Shen Binglin, Liu Shaowen, Li Yanping, Pan Ying, Lu Yuan, Hu Rui, Qu Junle, Liu Liwei
Key Laboratory of Optoelectronic Devices and Systems of Guangdong Province and Ministry of Education, College of Physics and Optoelectronic Engineering, Shenzhen University, 518060, Shenzhen, China.
Shenzhen Meitu Innovation Technology LTD, 518060, Shenzhen, China.
Light Sci Appl. 2022 Mar 29;11(1):76. doi: 10.1038/s41377-022-00768-x.
Laser scanning microscopy has inherent tradeoffs between imaging speed, field of view (FOV), and spatial resolution due to the limitations of sophisticated mechanical and optical setups, and deep learning networks have emerged to overcome these limitations without changing the system. Here, we demonstrate deep learning autofluorescence-harmonic microscopy (DLAM) based on self-alignment attention-guided residual-in-residual dense generative adversarial networks to close the gap between speed, FOV, and quality. Using the framework, we demonstrate label-free large-field multimodal imaging of clinicopathological tissues with enhanced spatial resolution and running time advantages. Statistical quality assessments show that the attention-guided residual dense connections minimize the persistent noise, distortions, and scanning fringes that degrade the autofluorescence-harmonic images and avoid reconstruction artifacts in the output images. With the advantages of high contrast, high fidelity, and high speed in image reconstruction, DLAM can act as a powerful tool for the noninvasive evaluation of diseases, neural activity, and embryogenesis.

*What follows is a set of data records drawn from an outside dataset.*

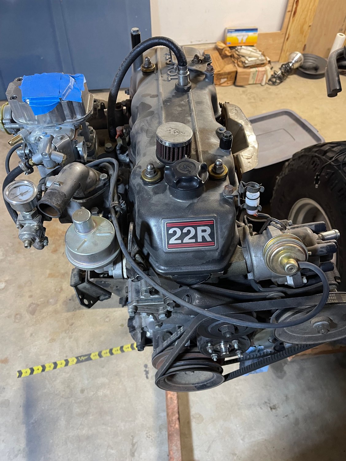 Also you are correct. On a "desmogged" 22R like yours (emissions equipment deleted, like the vacuum retard valve), you do plug off the inside diaphragm & provide vacuum to the outside diaphragm. The outside one is advance; the inside one is retard, & used to work with the emissions system stuff. There is no harm in running with the inside one plugged, with the engine set up the way you do.
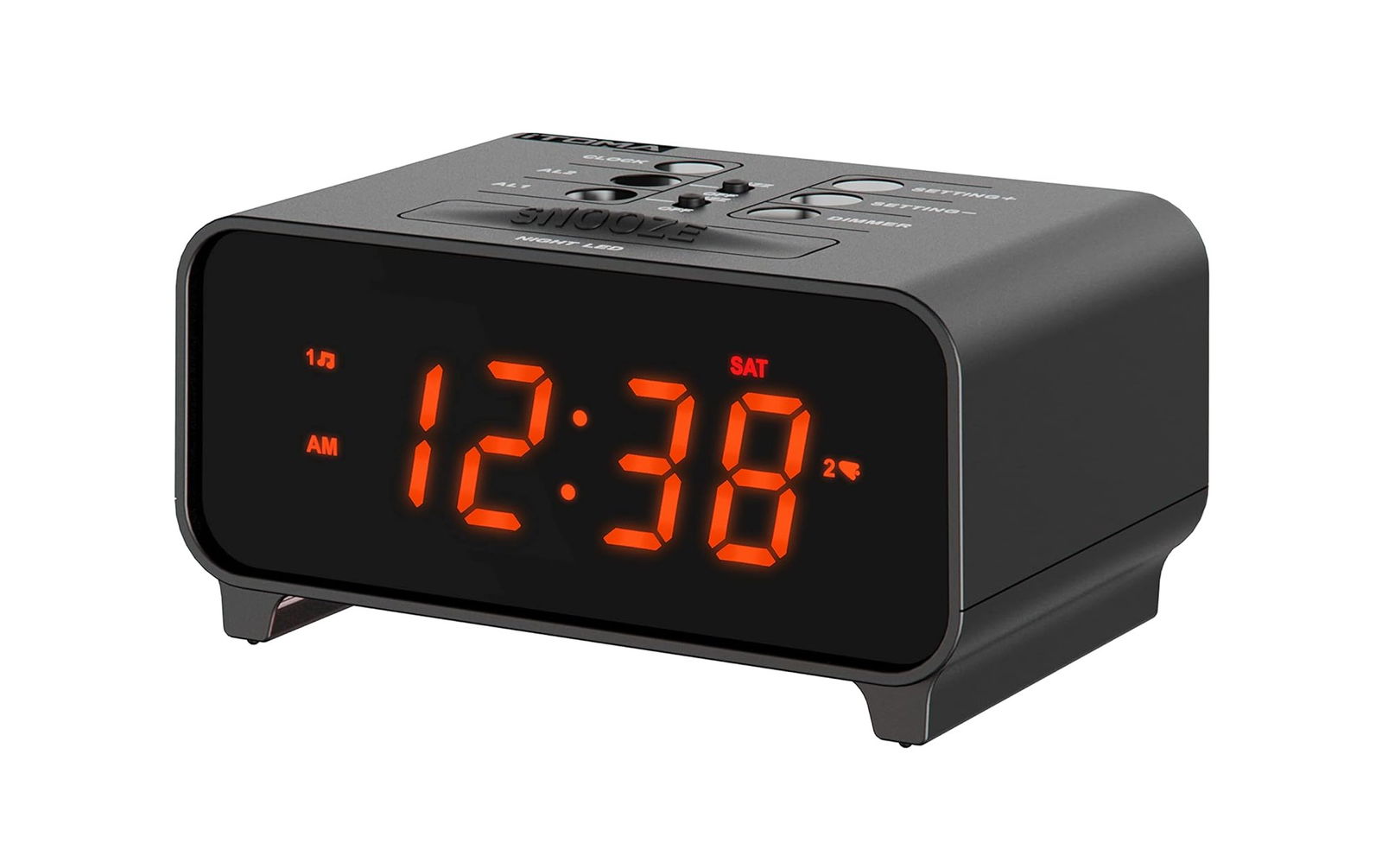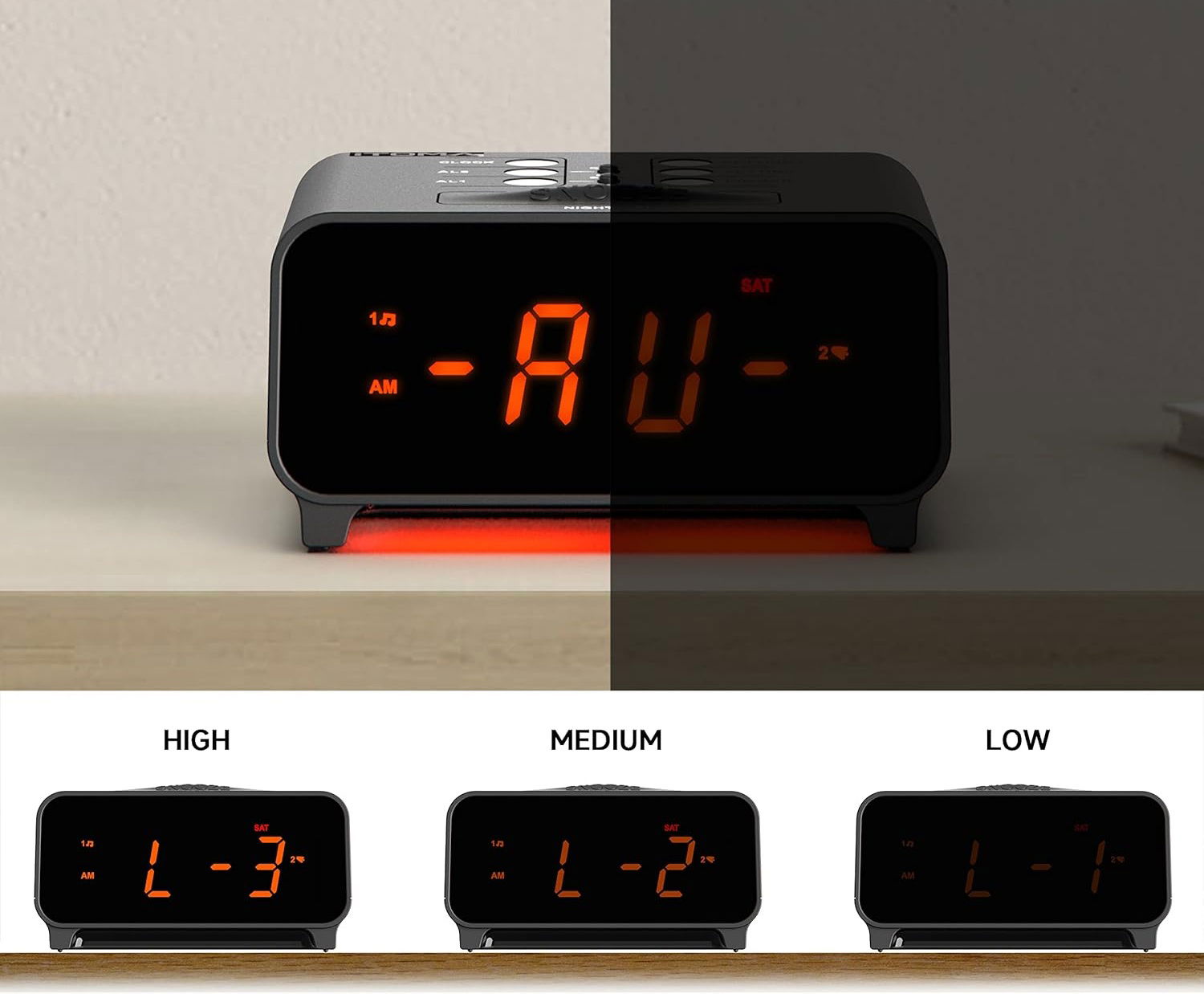 - Jasność wyświetlacza zegara zostanie automatycznie dostosowana pod różnymi warunkami źródła światła.
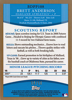![]() 2008 Bowman Chrome Draft Prospects Gold Refractors #BDPP108 50/50 |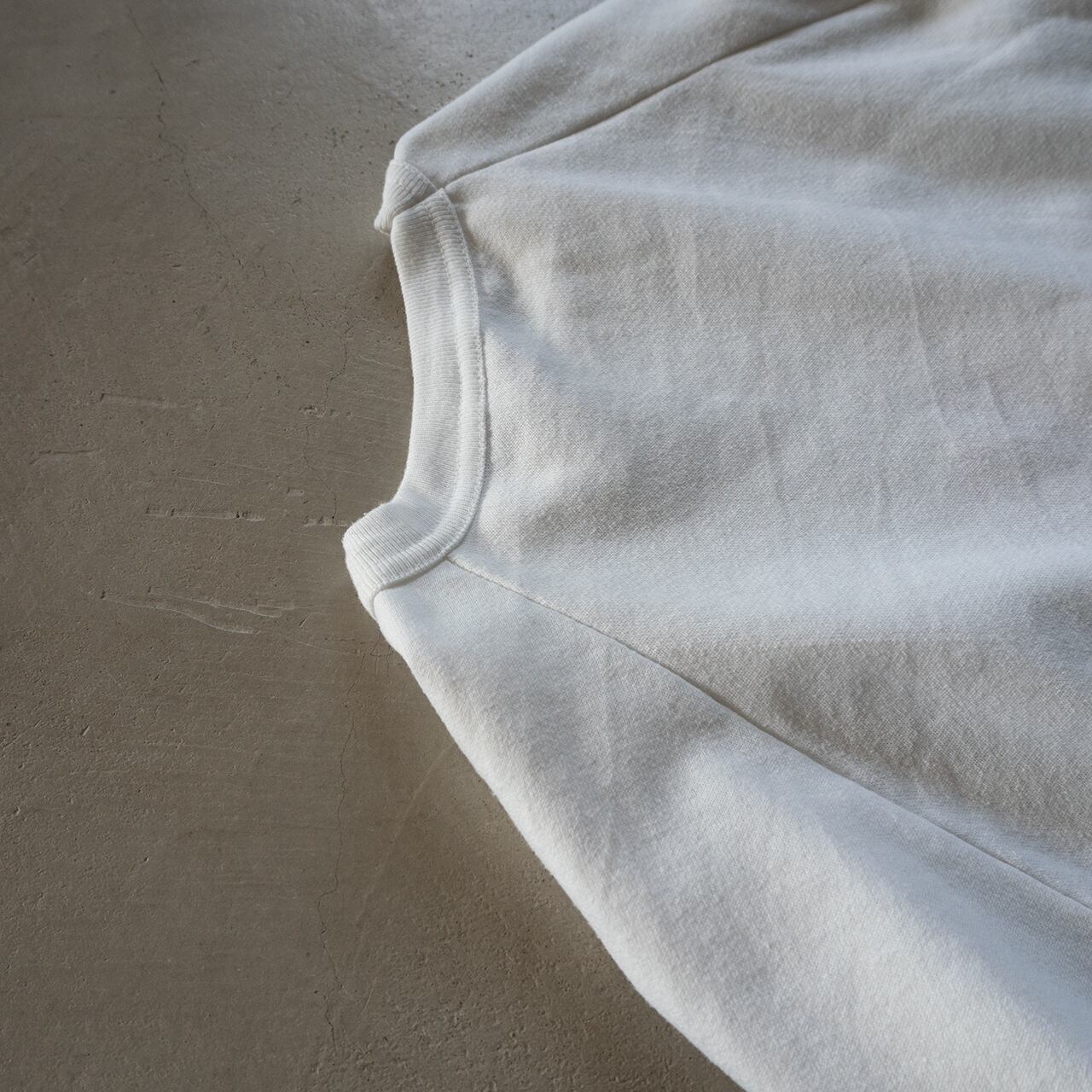 ポリエステル50%/コットン50%というこの年代らしい裏毛で、裏パイルが起毛加工により解され柔らかなタッチ、ふっくらとした嵩高なスウェットになります。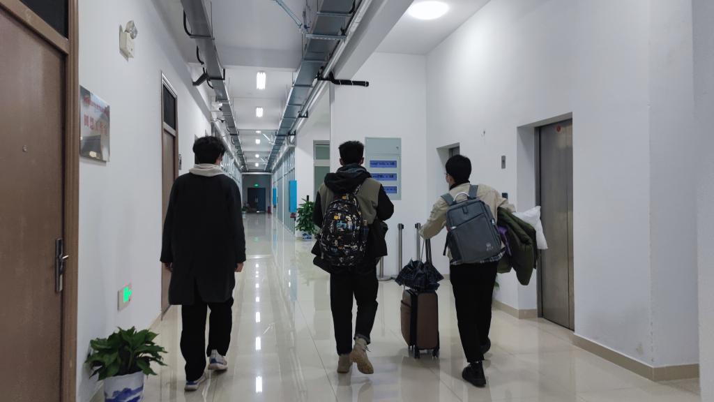 104位红码同学要去酒店隔离,需要一位带队老师,谁去?”“我去!”张屾没来得及细想就答应了。凌晨,他简单收拾东西,带着104位同学抵达酒店。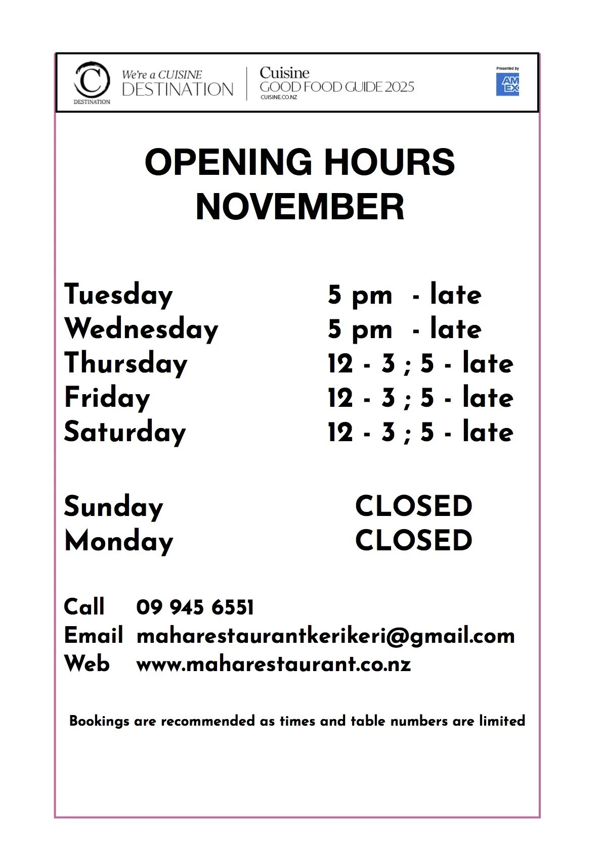 Opening hours are updated monthly - please see our November hours below. We will be updating our December & January hours soon. Meanwhile keep an eye on Google Business.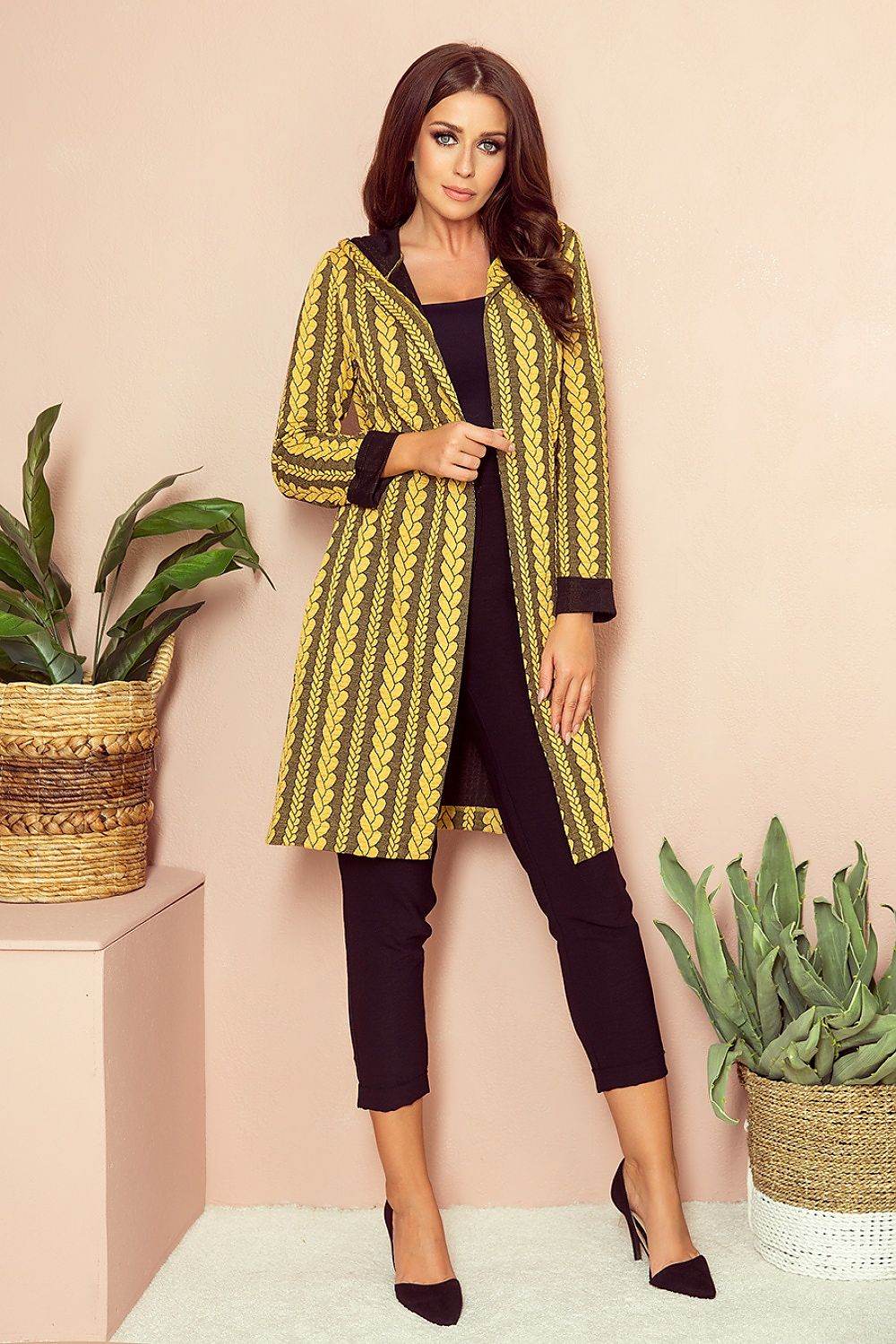Long hooded jacket with pockets, made of jacquard fabric - city pattern. Polish product. Polyester 30 % Viscose 70 %... Read more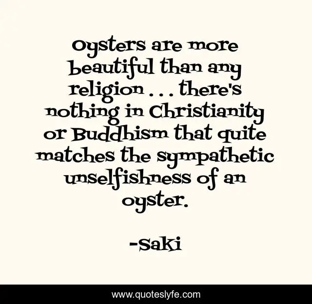 This page presents the quote "Oysters are more beautiful than any religion . . . there's nothing in Christianity or Buddhism that quite matches the sympathetic unselfishness of an oyster.". Author of this quote is Saki. .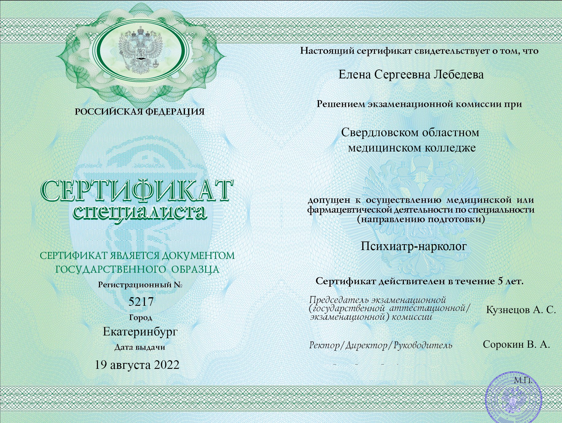 Елена Сергеевна Лебедева врач нарколог клиники доктора Стукаловой в Торецке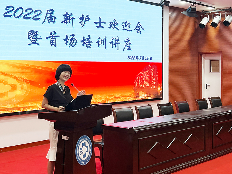 8月23日下午,中南大学湘雅三医院护理部在外科楼2楼学术报告厅举办2022届新入职护士欢迎会暨首场培训讲座,护理部全体成员、2022届新入职护士、2021届优秀新护士代表等50余人参加。会议由护理部副主任谢建飞主持。培训旨在引导新入职护士尽快适应新环境及新角色,树立正确的人生观及职业观。
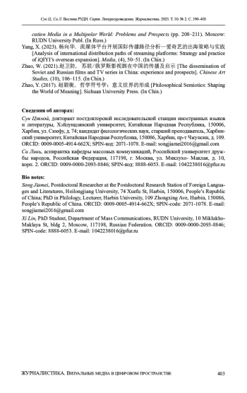 14. Ян С. 杨向华. 流媒体平台开展国际传播路径分析-爱奇艺的出海策略与实践 [Анализ международных путей распространения потоковых платформ - стратегия и практика выхода iQIYI на зарубежные рынки] // Медиа. 2023. № 4. C. 50-51.

由于复杂的机械和光学装置的限制,激光扫描显微镜在成像速度、视野(FOV)和空间分辨率之间存在固有的权衡,而深度学习网络已出现以在不改变系统的情况下克服这些限制。在此,我们展示了基于自对准注意力引导的残差内残差密集生成对抗网络的深度学习自发荧光谐波显微镜(DLAM),以缩小速度、视野和质量之间的差距。使用该框架,我们展示了具有增强空间分辨率和运行时间优势的临床病理组织的无标记大视野多模态成像。统计质量评估表明,注意力引导的残差密集连接可将降低自发荧光谐波图像质量的持续噪声、失真和扫描条纹降至最低,并避免输出图像中的重建伪影。凭借在图像重建中具有高对比度、高保真度和高速度的优势,DLAM可成为用于疾病、神经活动和胚胎发育的无创评估的强大工具。